Das EuGH-Urteil verpflichtet grundsätzlich noch nicht zur Einführung einer Arbeitszeiterfassung. Dennoch ist es für Unternehmen ratsam, sich zeitnah mit dem Thema tägliche Arbeitszeit auseinanderzusetzen. Wer frühzeitig mit entsprechenden Arbeitszeitrichtlinien agiert, gerät nicht in die Gefahr, am Ende zu spät dran zu sein, zumal das Urteil des EuGH auch eine Chance für viele Unternehmen sein kann. Denn wird die Arbeitszeiterfassung in ein modernes Workforce Management integriert, können ungeahnte Potentiale gehoben werden – strategisch und operativ.
Mehr über das EuGH-Urteil zur Zeiterfassung
Eine Software für Arbeitszeitmanagement ermöglicht die lückenlose und differenzierte elektronische Erfassung der Arbeitszeit, so wie das Urteil des EuGH es vorschreibt. Die Erfassung der Arbeitszeit kann direkt am Arbeitsplatz per PC, über ein Software-Terminal, Telefon oder unterwegs per App auf dem Smartphone erfolgen. Letzteres ist vor allem ein Vorteil für mobile Mitarbeiter, zum Beispiel im Außendienst, im Facility Management oder im öffentlichen Dienst bei Außeneinsätzen wie Verkehrsüberwachung oder Stadtreinigung.
Unabhängig von der Art der Arbeitszeiterfassung weisen intelligente Automatismen auf fehlende Zeitbuchungen hin und machen die Erfassung der Arbeitszeit sicher und effizient. Die erfassten Arbeitszeiten bilden die Basis für die Berechnung von Zeitkonten und Zuschlägen sowie die automatische Prüfung von gesetzlichen Vorgaben, wie etwa der maximalen Arbeitszeit oder der Ruhezeit. So ermöglicht ein intelligentes Arbeitszeitmanagement gesetzeskonforme Prozesse und schützt gleichzeitig die Gesundheit der Belegschaft.

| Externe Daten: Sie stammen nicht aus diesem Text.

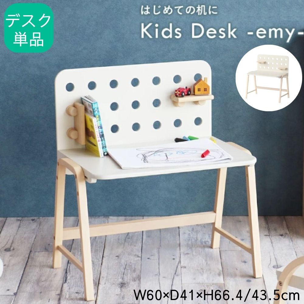 子どもの"はじめての机"にぴったりなデスクです。 リビングに置いても窮屈に感じないサイズです。 高さは2段階で調整可能 付属の棚板は手でクルクルと回して付け替えできる木製ボルトで固定します。 別売りの"kids arm chair -amy-"を揃えて使うのがおすすめ! 軽量なので、リビングや子ども部屋などへ持ち運ぶのも簡単です。 天板や有孔ボードの角は丸みをもたせた安全な設計になっています。 商品サイズ:W600×D410×H664/435mm 商品重量:約5.6kg 材質:天板・有孔ボード/繊維板、天然木(ラバーウッド材) フレーム/天然木化粧合板(ラバーウッド材) 棚板/天然木(ラバーウッド材) 塗料:ラッカー塗装 耐荷重:天板/15.0kg、 棚板/0.6kg 備考:組立品(約15分) ※基本送料無料(沖縄県・北海道・一部地域・離島等の条件によりましては別途送料が必要となります。) 関連キーワード(本商品の説明ではございません) かわいい おすすめ 人気 キッズテーブル お絵かき机 シンプル ナチュラル 2歳 3歳 4歳
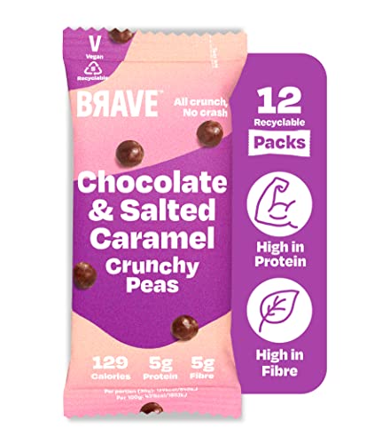 BRAVE Rostade ärtor – läckra hälsosamma mellanmål – vegansk – hög växtprotein och fiber – lågt kaloriinnehåll – växtbaserad, mejerifri (choklad och saltad karamell)
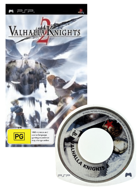 Valhalla Knights 2 for SONY PSP / PlayStation Portable. This preowned game disc is in excellent condition and comes inside its miniature UMD case. BOX / GAME CASE NOT included.

Workforce Management geht noch einen entscheidenden Schritt weiter und bedeutet letztlich die Integration von Arbeitszeitmanagement und Personaleinsatzplanung. Erfasste Ist-Daten aus dem Arbeitszeitmanagement werden genutzt, um bedarfs-, kosten-, service- und mitarbeiterorientierte Dienstpläne zu berechnen. Dabei berücksichtigen sie neben gesetzlichen, tariflichen und betrieblichen Vorgaben den Personalbedarf sowie die Zeitkonten, Verfügbarkeiten und Qualifikationen der Mitarbeiter, ihre individuellen Wünsche und vieles mehr.
Digitales Workforce Management sorgt auf allen Ebenen für mehr Effizienz und schafft gleichzeitig mehr Flexibilität und Transparenz. Beispielsweise informieren automatisch generierte Push-Nachrichten über fehlende Zeitbuchungen, maximale Arbeitszeiten oder ablaufende Qualifikationen. Intuitive Self Services binden die Mitarbeiter direkt ein, entlasten die HR-Abteilung von Routinetätigkeiten rund um das Arbeits- und Fehlzeitenmanagement und beschleunigen diese Prozesse drastisch. So können vergessene Zeitbuchungen oder Abwesenheiten, zum Beispiel Urlaub oder Dienstreise, elektronisch durch den Mitarbeiter beantragt und direkt an den Vorgesetzten zur Genehmigung weitergeleitet werden.